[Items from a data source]
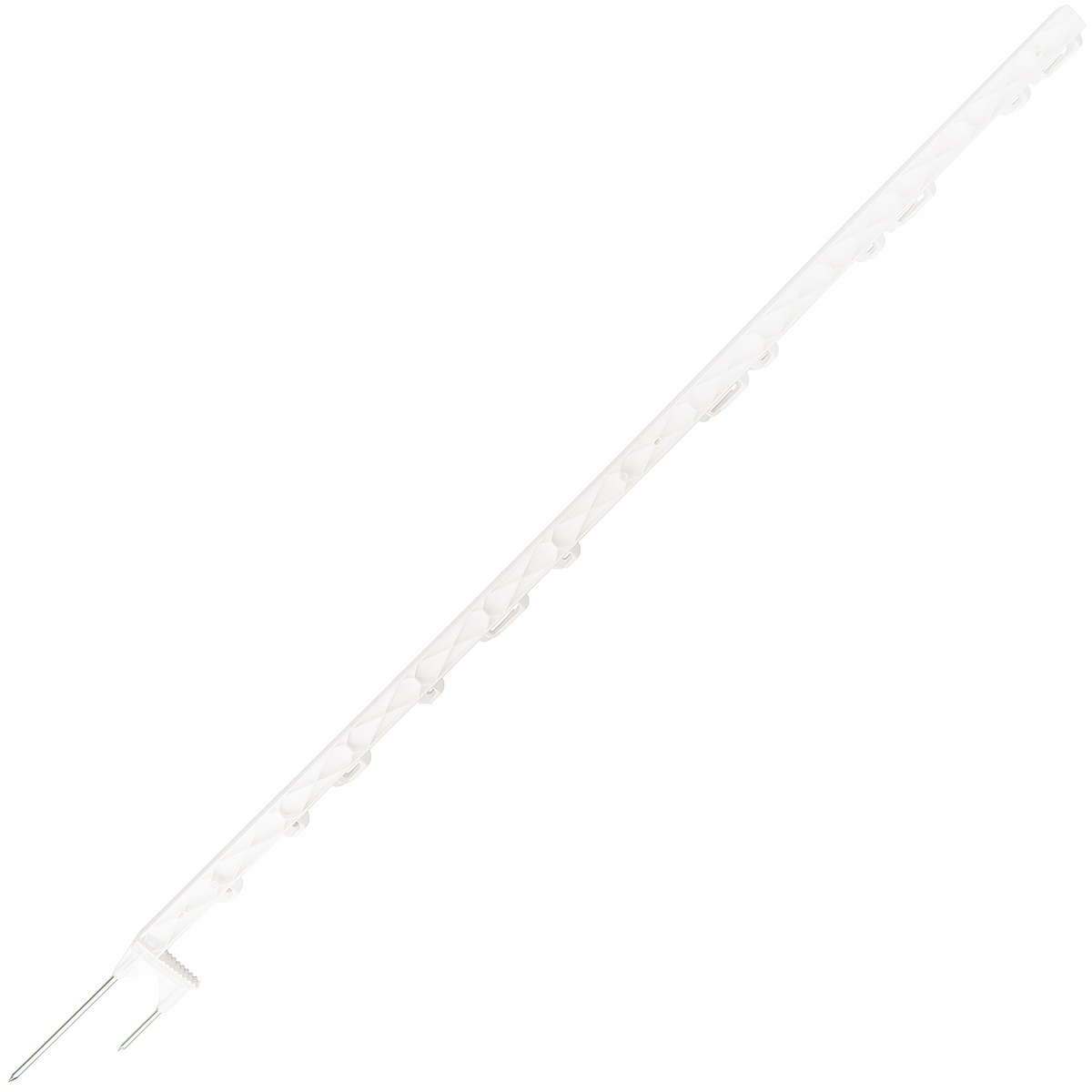A column for an electric fence with two tips that stabilize the stake in the ground. Its height is 157 cm, thanks to which it is perfect for fences for horses and wild animals, i.e. roe deer, deer, elk. The fencing's stake has 12 wire mounts. 7 of them have been adapted to conduct links, plelet or wire. Through the remaining 5 hooks you can run tass. Thanks to the double tip, the stakes hold steadily to the ground. They are recommended to be used wherever they occur unevenness of the terrain and the risk of strong animals entering the fence line. The high stake for horses is made of very durable plastic. It can also be used during negative temperatures.
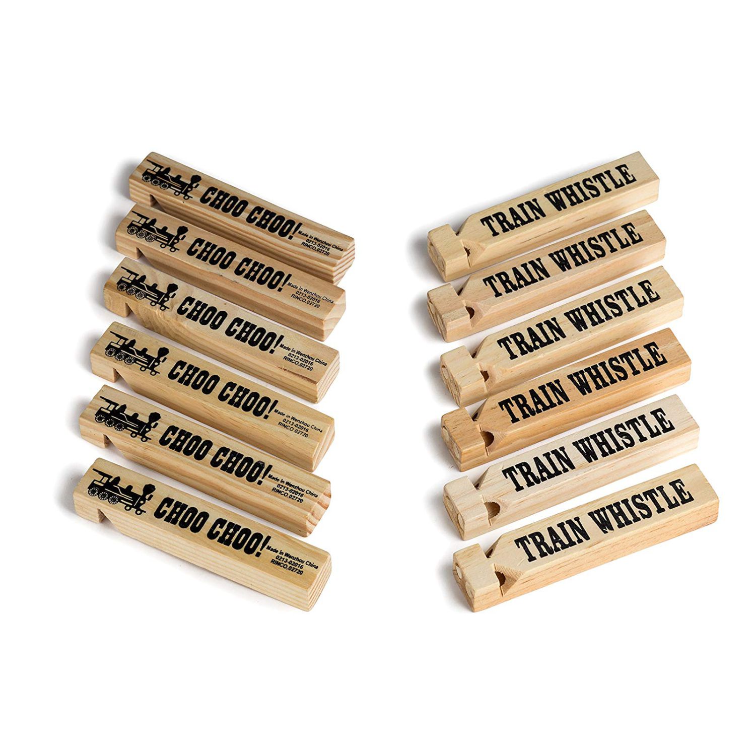 Simply blow the whistle to produce the old time locomotive sound! Future train conductors will have fun making some noise with these wooden Train Whistles for kids!
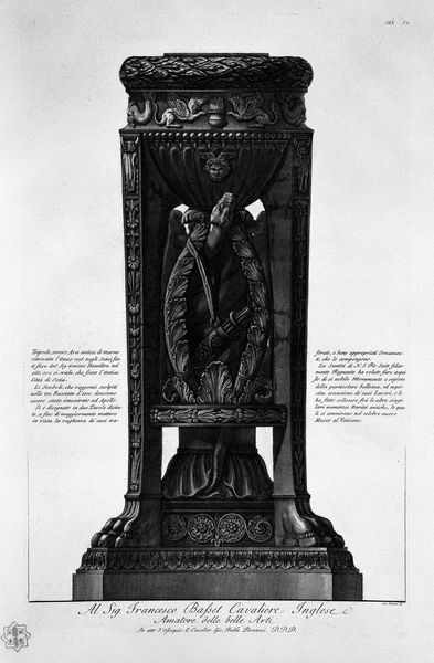 This is Giovanni Battista Piranesi’s print, “Another view of the same,” made with etching and engraving. The formidable monument fills the frame, rising from the lower edge to loom above us. The structure is defined by a hierarchy of forms, each level intricately ornamented, culminating in an elaborate cornucopia. Piranesi uses contrasting textures and tonalities. Linear precision defines fluted columns, while deeper blacks evoke the carved reliefs and shadows, lending the image depth. The monument is framed by winged sphinxes, which disrupts a singular reading. The composition is more than an illustration; it destabilizes the values it seems to represent. Is this a celebration or a critique of grandeur? Piranesi does not offer us a singular, stable meaning. Instead, through the orchestration of form and texture, he provokes us to question the very nature of representation and the narratives that monuments seek to uphold.
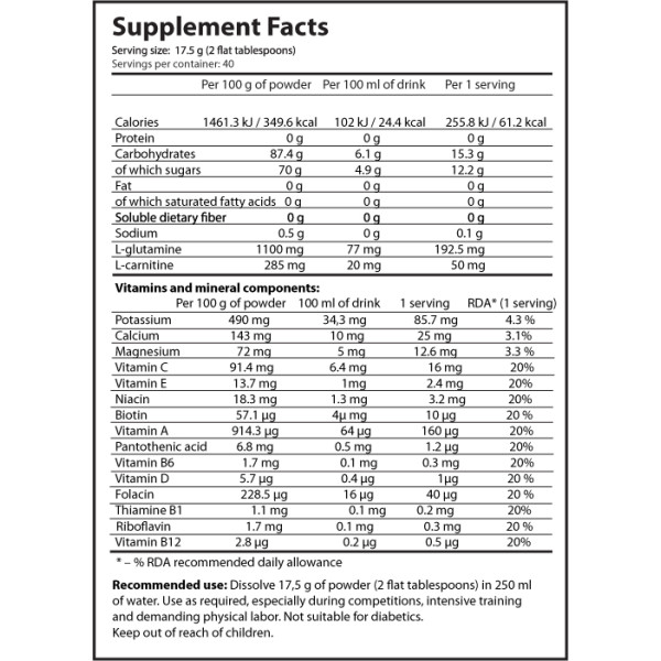 Состав ISO Plus Powder включает простые углеводы, L-карнитин, L-глютамин, а также минеральный комплекс с магнием, натрием, калием и кальцием. Витаминно-минеральная смесь, входящая в состав продукта, обеспечивает поддержание высоких показателей физической работоспособности и укрепление иммунной системы организма.
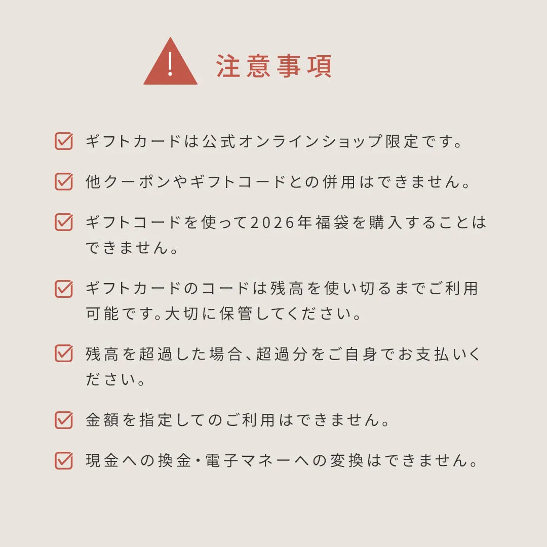 ギフトカードのご利用方法・注意事項については こちら をご確認ください。
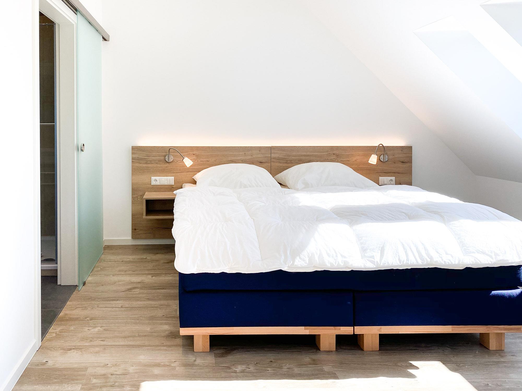 Schlafzimmer: Zwei Schlafzimmer mit modernen Boxspringbetten, geeignet für Allergiker. Ein Schlafzimmer verfügt über einen Schreibtisch, ideal für Arbeit oder Studium.
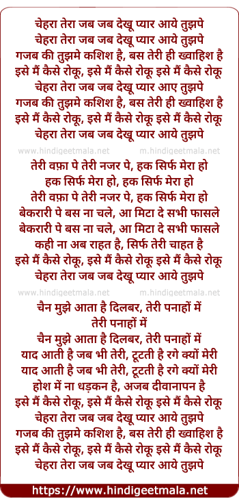Lyrics of Chehra Tera Jab Jab Dekhu - चेहरा तेरा जब जब देखू
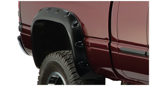 With their recessed stainless steel bolts and massive presence, Pocket Style Fender Flares are a Bushwacker original and an off-road icon. They give you the hard-core look of bolt-on flares, with no body-side sheet metal drilling required. Pocket Style Fender Flares are custom-designed for your vehicle to complement oversized tires and high-clearance lift kits. You can mount them right out of the box with their tough, OEM-style matte black finish they're UV protected so they won't chalk. You can also paint them to match or accent the body color for a factory-custom look. Pocket Style Fender Flares are made from our thick, warp-resistant Dura-Flex 2000 material and tailor-made for added durability and flexibility on the trail. When you need maximum tire coverage with minimum time and effort, it's in the pocket. Pocket Style Fender Flares from Bushwacker.
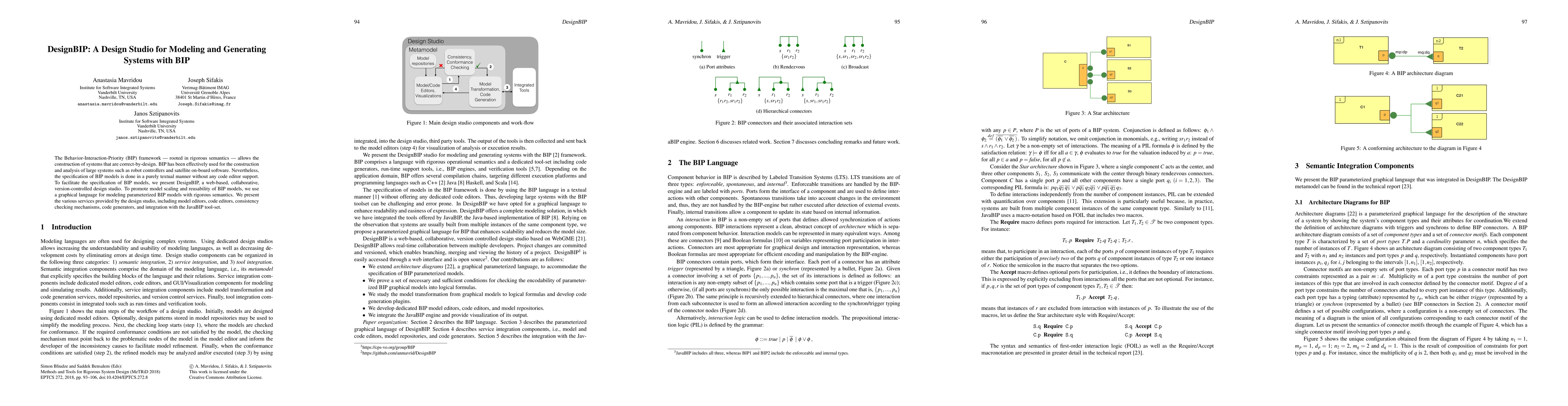 DesignBIP is a web-based design studio for creating and managing BIP models with graphical and textual support, enhancing code editors and consistency checking to facilitate large system modeling and reuse. It integrates with JavaBIP tools for generating code and maintaining version control.

● **Task statement**: Once the pictures are set aside, copy the remaining text of every entry exactly.

● **Result of the exercise**:
A column for an electric fence with two tips that stabilize the stake in the ground. Its height is 157 cm, thanks to which it is perfect for fences for horses and wild animals, i.e. roe deer, deer, elk. The fencing's stake has 12 wire mounts. 7 of them have been adapted to conduct links, plelet or wire. Through the remaining 5 hooks you can run tass. Thanks to the double tip, the stakes hold steadily to the ground. They are recommended to be used wherever they occur unevenness of the terrain and the risk of strong animals entering the fence line. The high stake for horses is made of very durable plastic. It can also be used during negative temperatures.
 Simply blow the whistle to produce the old time locomotive sound! Future train conductors will have fun making some noise with these wooden Train Whistles for kids!
 This is Giovanni Battista Piranesi’s print, “Another view of the same,” made with etching and engraving. The formidable monument fills the frame, rising from the lower edge to loom above us. The structure is defined by a hierarchy of forms, each level intricately ornamented, culminating in an elaborate cornucopia. Piranesi uses contrasting textures and tonalities. Linear precision defines fluted columns, while deeper blacks evoke the carved reliefs and shadows, lending the image depth. The monument is framed by winged sphinxes, which disrupts a singular reading. The composition is more than an illustration; it destabilizes the values it seems to represent. Is this a celebration or a critique of grandeur? Piranesi does not offer us a singular, stable meaning. Instead, through the orchestration of form and texture, he provokes us to question the very nature of representation and the narratives that monuments seek to uphold.
 Состав ISO Plus Powder включает простые углеводы, L-карнитин, L-глютамин, а также минеральный комплекс с магнием, натрием, калием и кальцием. Витаминно-минеральная смесь, входящая в состав продукта, обеспечивает поддержание высоких показателей физической работоспособности и укрепление иммунной системы организма.
 ギフトカードのご利用方法・注意事項については こちら をご確認ください。
 Schlafzimmer: Zwei Schlafzimmer mit modernen Boxspringbetten, geeignet für Allergiker. Ein Schlafzimmer verfügt über einen Schreibtisch, ideal für Arbeit oder Studium.
Lyrics of Chehra Tera Jab Jab Dekhu - चेहरा तेरा जब जब देखू
 With their recessed stainless steel bolts and massive presence, Pocket Style Fender Flares are a Bushwacker original and an off-road icon. They give you the hard-core look of bolt-on flares, with no body-side sheet metal drilling required. Pocket Style Fender Flares are custom-designed for your vehicle to complement oversized tires and high-clearance lift kits. You can mount them right out of the box with their tough, OEM-style matte black finish they're UV protected so they won't chalk. You can also paint them to match or accent the body color for a factory-custom look. Pocket Style Fender Flares are made from our thick, warp-resistant Dura-Flex 2000 material and tailor-made for added durability and flexibility on the trail. When you need maximum tire coverage with minimum time and effort, it's in the pocket. Pocket Style Fender Flares from Bushwacker.
 DesignBIP is a web-based design studio for creating and managing BIP models with graphical and textual support, enhancing code editors and consistency checking to facilitate large system modeling and reuse. It integrates with JavaBIP tools for generating code and maintaining version control.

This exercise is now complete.